Figure 5:The plasma shape of spherical tokamaks compared
to a conventional tokamak.
© Image: UKAEA

Spherical tokamak research is a relatively young subject, and is therefore much less developed than the conventional tokamak. Nevertheless, it is moving forward rapidly, and there are indications that some of the theoretically predicted advantages may be achievable. For example, it has been shown that a spherical tokamak can operate with a much higher plasma pressure (in relation to the toroidal magnetic field strength) than a conventional tokamak - a potential cost-saving advantage for a fusion reactor.

Figure 6:Spherical tokamak configuration
© Image: UKAEA

Figure 7:The MAST spherical tokamak.
Image: UKAEA

Reversed Field Pinches

The Reversed Field Pinch concept is a design very much like a tokamak, but the device uses a slightly different geometry of the magnetic field. The configuration gets its name from the fact that the toroidal magnetic field in the outer region of the vessel is reversed in direction with respect to its direction near the axis of the machine.

Reversed Field Pinch systems are being studied for possible low magnetic field, high plasma density confinement designs and to enhance understanding of the physics of toroidal confinement in operating regions that are outside the range of standard tokamak devices.

There are two RFP devices in the EU, RFX in Italy and EXTRAP T2 in Sweden which contribute to studies on achieving high-performance operation and controlling plasma modes.

Inertial Confinement Fusion

Figure 8:The LULI2000 experimental
chamber at Ecole Polytechnique, France

Inertial Confinement fusion, the main alternative to magnetic confinement fusion, follows a very different concept. A small pellet (~1 mm diameter) of frozen fusion fuel is flash-irradiated from all sides with a number of extremely intense laser beams. The outer layer of the pellet is blown away, which causes the inner part of the pellet to be compressed with great force: the pellet is compressed to a density of around 1000 times greater than its normal density in the solid state. This causes an inward push of hot plasma generated at the surface, which causes the temperature and pressure in the core of the pellet to rise to fusion conditions.

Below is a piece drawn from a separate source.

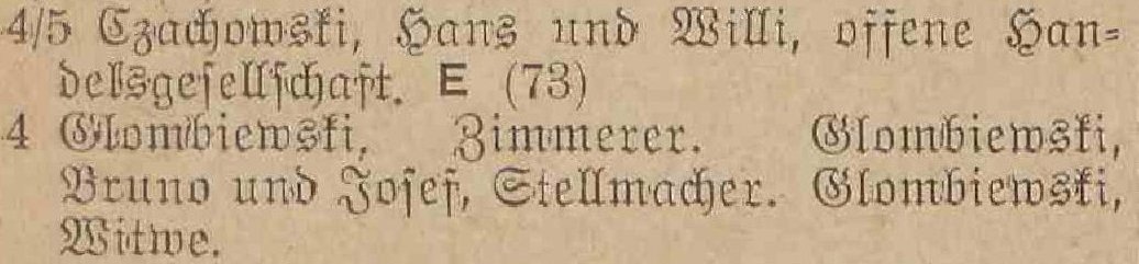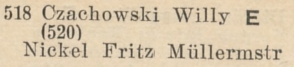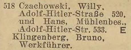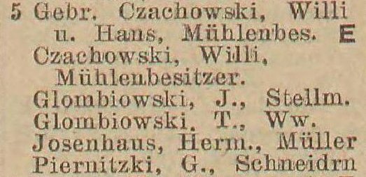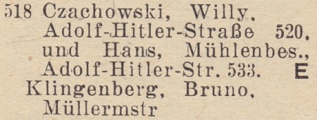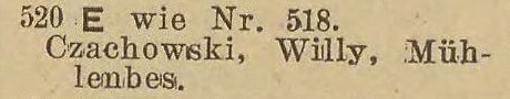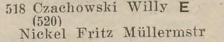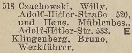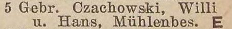 Hans, Willy Czachowski. Książka adresowa gminy Oliwa z 1915 roku. Zbiory Pomorskiej Biblioteki Cyfrowej.

The main challenge in inertial fusion is achieving a powerful and homogenous irradiation of the pellet at a high repetition rate: about 10 - 20 pellets would have to be heated and burned per second to provide steady state power in a fusion power plant based on this principle.

Figure 9:Twin laser chains at LULI2000
deliver 2 kJ of energy in a few
nanoseconds

This technology has applications in nuclear weapons development and, because of the classified character of much of the research, the Council of EU Ministers have only foreseen a "keep-in-touch activity" for inertial confinement fusion within the European Fusion Programme. This monitoring activity is maintained by a number of competent laboratories supplying regular updates on progress in this field.